Preparing for Round 2 of HIPAA Audits

The HHS Office of Civil Rights is gearing up for round two of HIPAA compliance audits. What should security leaders expect, and how should they prepare? David Holtzman of CynergisTek and Geoff Bibby of Zix offer insights and advice.

To start with, covered entities should recognize that their odds of being audited are far greater than they were in round one, and OCR has made no bones about what it expects to examine for compliance.

"It will be sort of like an open-book examination at school," says Holtzman, a former senior advisor at OCR. "You know what the questions are going to be before they're even asked."

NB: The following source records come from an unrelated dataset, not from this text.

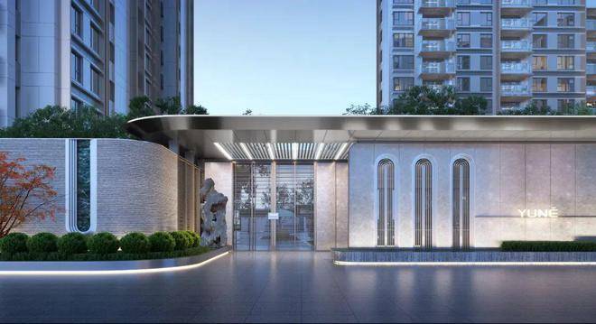 归家动线设置上,业主先穿过酒店式的落客大堂,大堂内设有迎宾待客区,穿过大堂,有灵动水景、景石进入幽静的园林之中。层层递进从喧嚣到静谧、让归家充满了仪式感。
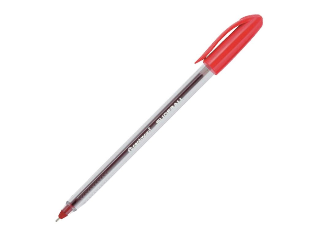 Guľôčkové pero v trojuholníkovom tvare s ergo úchytom s veľmi hladkým písaním. Priehľadné telo, nový nízko viskózny atrament v sýtych farbách. Ihlový hrot s guľôčkou, šírka stopy 0,3 mm. Väčšie balenie 12 ks.Farba náplne: červená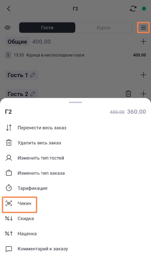 Операция Чекин позволяет добавить в заказ карту лояльности гостя для назначения скидки по карте.
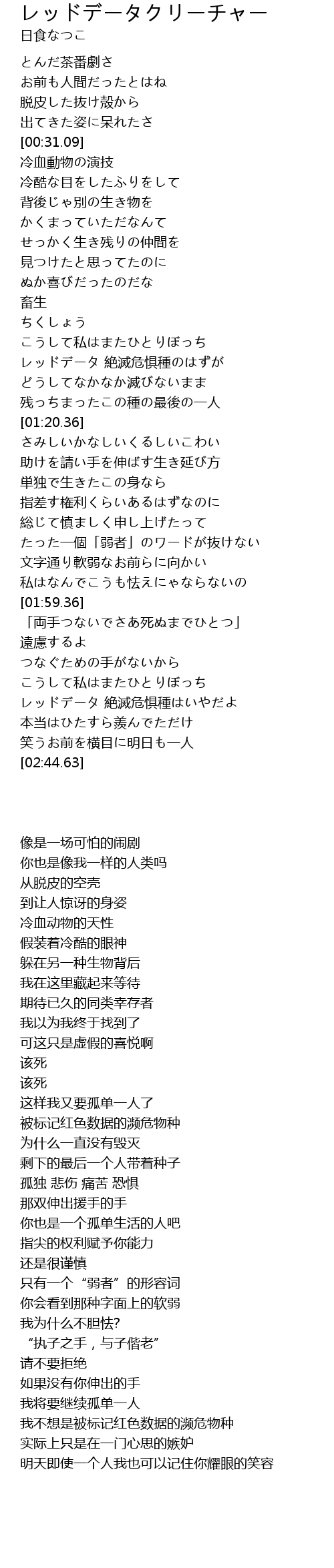 | [02:33.23] | レッドデータ 絶滅危惧種はいやだよ |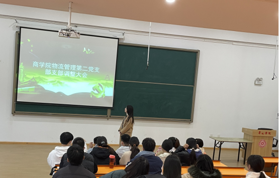 吴晓芳同志首先宣读了关于商学院物流管理学生第二党支部支部调整的相关文件。由于人数过多,不方便开展支部活动,经院党委审批,决定对物流管理学生第二党支部进行调整。调整后,支部由三名正式党员和16名预备党员构成,由于正式党员人数较少,不设置支部委员会,任命李培同志担任支部书记。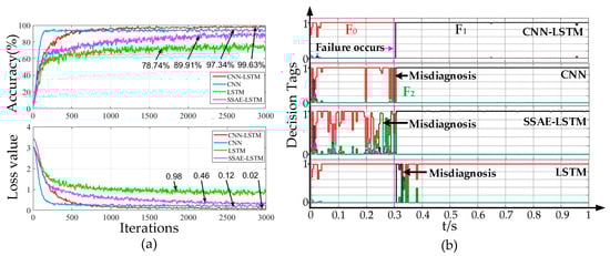The results show that CNN has the fastest convergence speed, the highest accuracy, and the model performance is relatively stable; LSTM has a slower convergence speed, and the convergence effect of the model is poor as the number of iterations increases; adding the stacked sparse autoencoder (SSAE) network to automatically extract fault features increases the accuracy to 89.91%, but SSAE has poor feature extraction effect on the fault information; in contrast, CNN-LSTM not only ensures the convergence speed and accuracy of the model, but also has smaller random fluctuations and loss values in the iteration process. Subsequently, a real-time diagnosis comparison analysis is performed through simulation, and the results are shown in Figure 10b. As can be seen from the figure, although the CNN model has a slightly faster diagnosis time, it has a misjudgment phenomenon due to the lack of global timing dependence; LSTM directly has an erroneous judgment, indicating that the model has not learned local fault features; adding SSAE-LSTM, the diagnosis time becomes longer, but misjudgment occurs in the normal state, indicating that the model has not extracted the fault features well; and the CNN-LSTM model in this paper has a slightly slower time than the CNN model, but its diagnosis accuracy is high, the classification effect is good, and there is no misjudgment.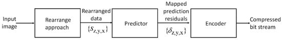 Due to the unique properties of the LASIS, we divide the lossless compression of LASIS images into three steps: data rearrangement, prediction, and encoding. The three functional stages of this compression scheme are provided in Figure 3.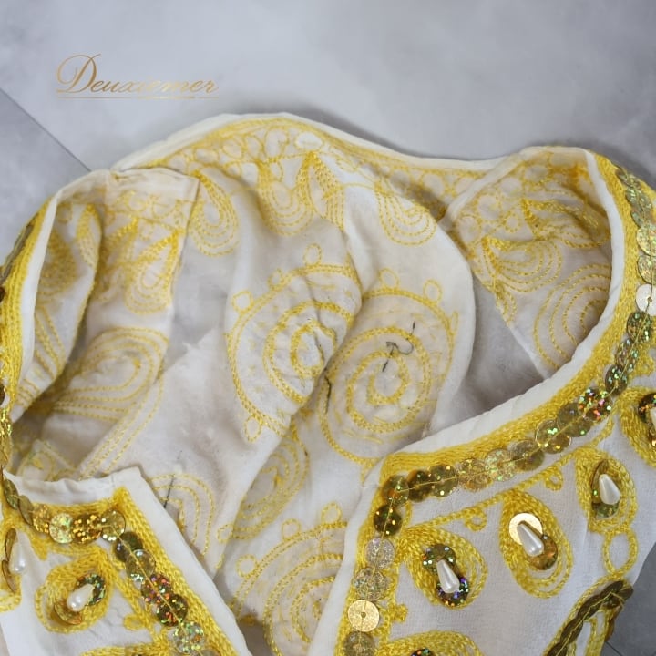 #ベリーダンス #衣装 #ハリージドレス #スパンコール #ビーズ #ダンスウェア #ホワイト #ゴールド #イエロー #華やか #パーティー #コスチューム #デザイン #トルソー #ファッション #女性用 #特別な日 #セレモニー #エンターテイメント #ENUTSU

Entities need to be prepared to present information about their risk assessments, risk management plans, privacy programs, breach notification plans - and especially about their business associate relationships, Holtzman says.

"I urge folks to prepare themselves not just for the questions they will be asked ... but also how they're going to be prepared to provide this information about their business associates," he says.

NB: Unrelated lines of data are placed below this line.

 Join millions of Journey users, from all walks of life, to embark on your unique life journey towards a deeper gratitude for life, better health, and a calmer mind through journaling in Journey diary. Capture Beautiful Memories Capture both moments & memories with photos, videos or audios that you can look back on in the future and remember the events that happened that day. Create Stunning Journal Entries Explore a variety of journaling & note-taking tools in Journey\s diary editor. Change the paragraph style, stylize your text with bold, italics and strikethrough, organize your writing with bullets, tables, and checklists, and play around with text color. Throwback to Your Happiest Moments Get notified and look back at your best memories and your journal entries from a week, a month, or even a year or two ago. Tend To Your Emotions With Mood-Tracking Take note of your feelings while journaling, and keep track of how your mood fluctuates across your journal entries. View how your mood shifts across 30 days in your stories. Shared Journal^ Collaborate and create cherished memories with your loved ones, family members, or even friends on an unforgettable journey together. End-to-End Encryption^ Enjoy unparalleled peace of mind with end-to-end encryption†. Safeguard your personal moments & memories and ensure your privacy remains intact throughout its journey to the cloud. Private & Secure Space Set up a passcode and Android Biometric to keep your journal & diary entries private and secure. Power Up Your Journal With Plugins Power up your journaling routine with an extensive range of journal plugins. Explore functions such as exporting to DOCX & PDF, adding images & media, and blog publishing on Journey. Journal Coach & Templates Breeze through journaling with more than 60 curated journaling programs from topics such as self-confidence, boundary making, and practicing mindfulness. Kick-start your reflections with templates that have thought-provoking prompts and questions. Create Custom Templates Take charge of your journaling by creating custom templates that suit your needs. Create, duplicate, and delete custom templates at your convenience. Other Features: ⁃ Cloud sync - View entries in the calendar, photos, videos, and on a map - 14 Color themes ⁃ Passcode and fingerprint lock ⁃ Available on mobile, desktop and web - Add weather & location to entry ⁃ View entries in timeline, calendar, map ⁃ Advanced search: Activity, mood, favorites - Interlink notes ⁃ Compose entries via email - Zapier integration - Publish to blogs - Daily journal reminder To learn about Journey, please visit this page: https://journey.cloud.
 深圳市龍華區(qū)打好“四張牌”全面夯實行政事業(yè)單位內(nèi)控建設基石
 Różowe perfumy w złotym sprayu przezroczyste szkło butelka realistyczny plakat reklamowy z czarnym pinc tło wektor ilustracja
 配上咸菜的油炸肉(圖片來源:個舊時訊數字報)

A key component of security is to ensure that any email correspondence that contains personal health information - whether in correspondence with a patient, caregiver or third-party - is encrypted.

"Adding email encryption is really rather simple," says Bibby, VP of Marketing at Zix. "You can have a policy gateway at the perimeter of your network that will scan messages as they leave and enter the enterprise, look for sensitive information, and as soon as it detects that there is PHI within the message, it will immediately trigger encryption."

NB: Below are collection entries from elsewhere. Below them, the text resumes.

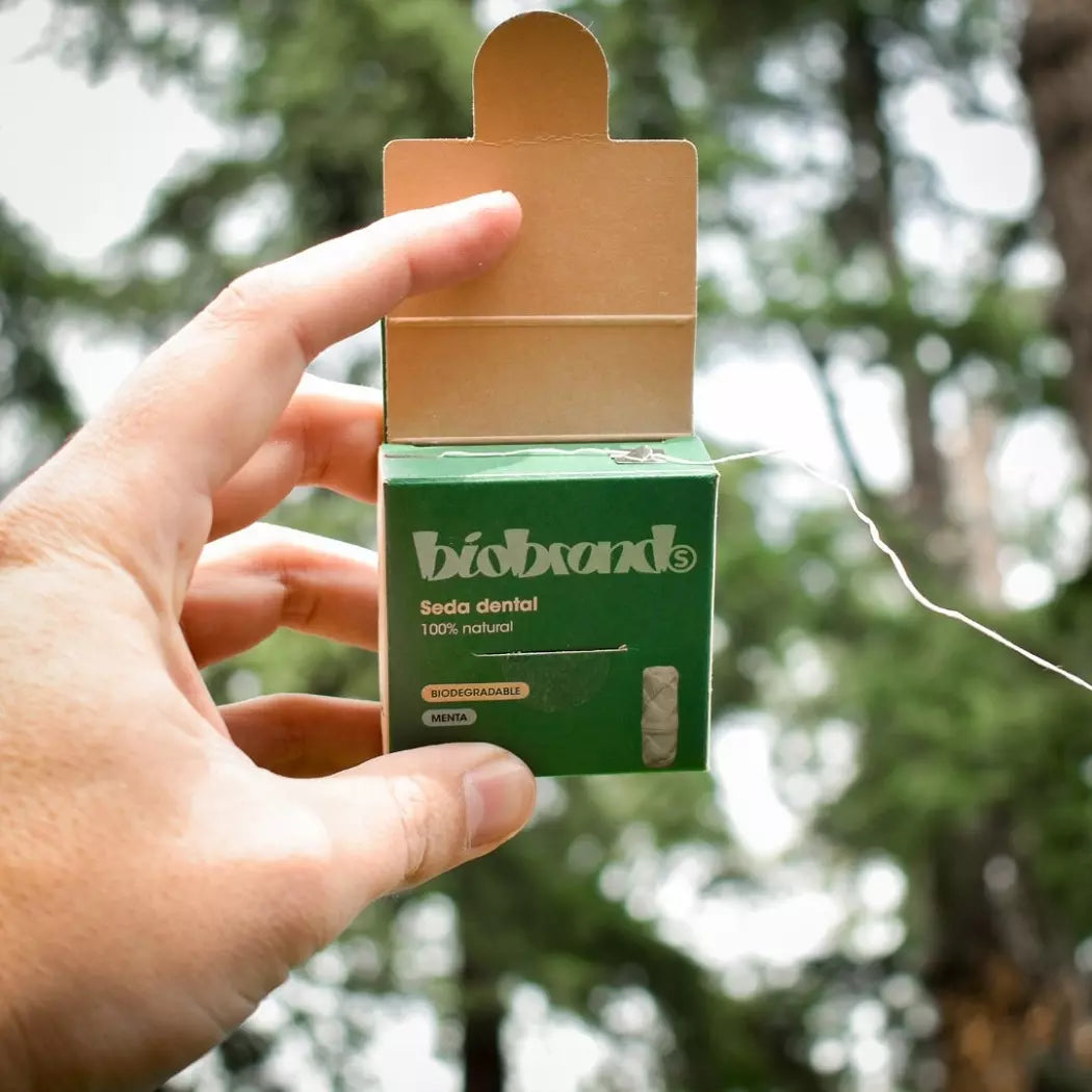 La seda dental Biofloss es compostable y biodegradable, elaborada con seda natural proveniente del gusano de la seda. Su composición 100% natural la convierte en una opción amigable con el medio ambiente. Biofloss no solo cuida de tus dientes, sino también del planeta.
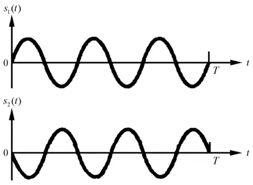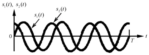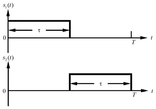 При передаче двух различных сигналов, и , положение несколько иное. Здесь речь идёт уже не об обнаружении, а о различении двух сигналов. Дело сводится к ответу на вопрос: имеется ли на входе приёмника сигнал плюс шум, или сигнал плюс шум? Ответ на этот вопрос определяется уже не свойствами каждого сигнала в отдельности, эти свойства в принципе могли бы оставаться неизвестными, а физическим различием между сигналами. Сигналы могут различаться между собою значениями тех или иных параметров. При выборе двух сигналов нужно стремиться к тому, чтобы различие между ними было по возможности более стойким по отношению к действию помехи. Это значит, прежде всего, что различие должно быть по возможности велико, с тем, что если оно уменьшится в процессе передачи под действием помехи, то оставшееся различие должно быть все же достаточно для уверенного различения сигналов. Но, кроме того, нужно выбирать различие по тому параметру (из всех параметров данного сигнала), который в наименьшей степени подвержен влиянию помехи данного типа.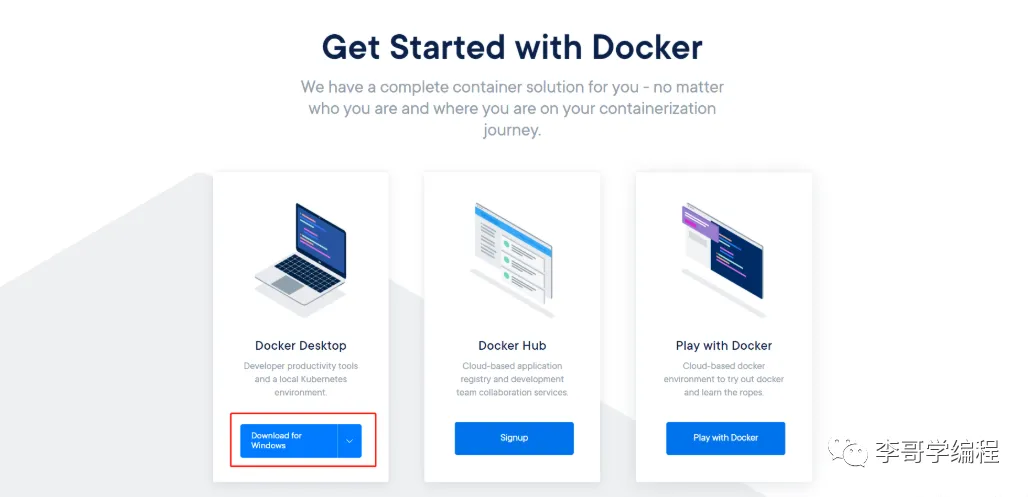 浏览器输入https://www.docker.com/get-started,嗯,没错,回车后就是如下页面。

In an interview about preparing for round 2 of the HIPAA audits, Holtzman and Bibby discuss:

What covered entities should expect from auditors; The new emphasis on business associates; The role of email security in helping to ensure compliance.

Holtzman joined the information security consulting firm CynergisTek in 2013, where he serves as vice president of privacy and security compliance services. Previously, the attorney was a senior adviser at the Department of Health and Human Services' Office for Civil Rights, where he played key roles in planning and developing policy and guidance issued under HIPAA and HITECH Act regulations. Earlier, Holtzman served as the privacy and security officer for Kaiser Permanente's Mid-Atlantic region.

Bibby joined Zix in September 2003 and serves as Vice President of Marketing. He has more than 15 years of experience in high tech marketing. Prior to Zix, he spent six years at Entrust Inc., an internet security vendor, where he served in various management roles, including Marketing Director for Entrust European operations.